In many cases, indexes are small and can fit in memory while data is large and does not fit in memory: by using a covering index, you can avoid lots of disk operations and performance can be order of magnitudes better.
Let’s now look at different common scenarios.

Single equality

This is the most basic scenario:

SELECT * FROM t WHERE c = 100

The idea is of course to add an index on (c). However note that if the criteria is not selective enough, the optimizer may choose to perform a full table scan that will certainly be more efficient.
Also note that a frequent variation of this query is when you only select a small subset of fields instead of all fields:

SELECT c1, c2 FROM t WHERE c = 100

Here it could make sense to create an index on (c, c1, c2) because it will be a covering index. Do not create an index on (c1, c2, c)! It will still be covering but it will not be usable for filtering (remember that you can only use a left-most prefix of an index to filter).

Multiple equalities

SELECT * FROM t WHERE c = 100 and d = 'xyz'

It is also very easy to optimize: just add an index on (c, d) or (d, c).
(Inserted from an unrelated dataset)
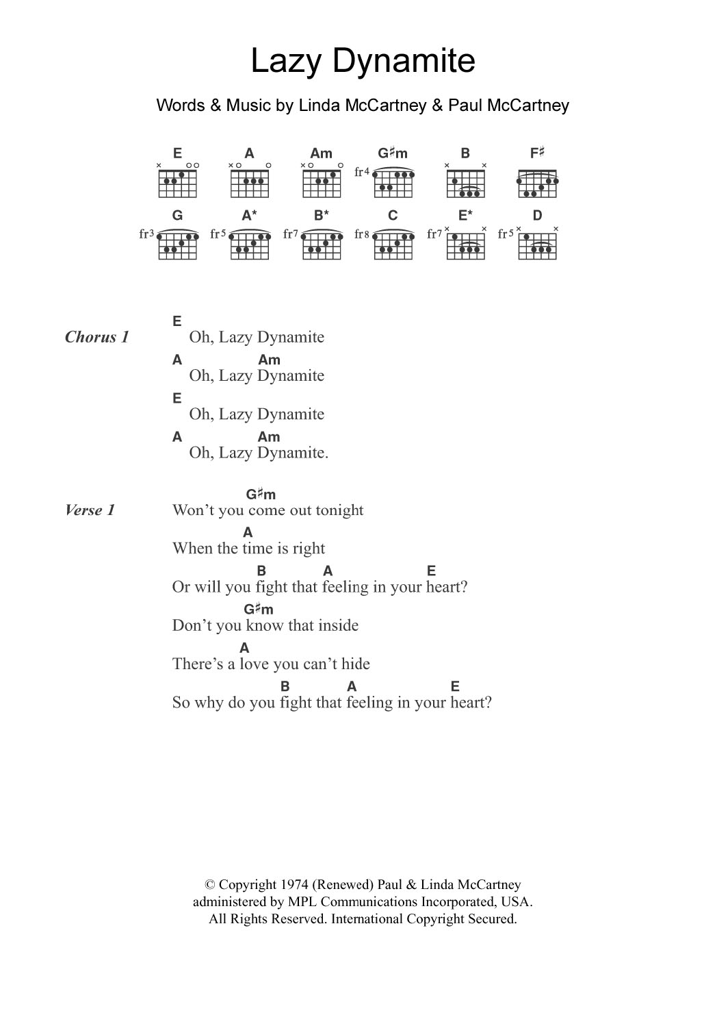 Download or print Wings Lazy Dynamite sheet music, chords and digital score arranged for Guitar Chords/Lyrics. This Pop score includes 2 page(s).

The main mistake here is to add 2 indexes: one on (c) and one on (d). Granted, MySQL is able to use both indexes with the index_merge algorithm, but it is almost always a very bad option.

Equality and inequality

SELECT * FROM t WHERE c > 100 and d = 'xyz'

Here we must be careful because as long as we are using a column with an inequality, this will prevent us from using further columns in the index.

Therefore if we create an index on (d, c), we will be able to filter both on c and d, this is good.
But if we create an index on (c, d), we will only be filtering on c, which is less efficient.

So unlike the situation when you have equalities, order of columns matters when inequalities are used.

Multiple inequalities

SELECT * FROM t WHERE c > 100 and b < 10 and d = 'xyz'

As we have 2 inequalities, we already know that we will not be able to filter on both conditions (*). So we have to make a decision: will we filter on (d, b) or on (d, c)?

It is not possible to tell which option is better without looking at the data: simply choose the column where the inequality is the most selective. The main point is that you must put the column(s) with an equality first.

(*) Actually there is a way to ‘filter’ on both inequalites: partition on b and add an index on (d, c) or partition on c and add an index on (d, b). The details are out of the scope of this post but it might be an option for some situations.

Equalities and sort

SELECT * FROM t WHERE c = 100 and d = 'xyz' ORDER BY b

As mentioned in the first paragraph, an index can filter and sort so this query is easy to optimize. However like for inequalities, we must carefully choose the order of the columns in the index: the rule is that we will filter first, and then sort.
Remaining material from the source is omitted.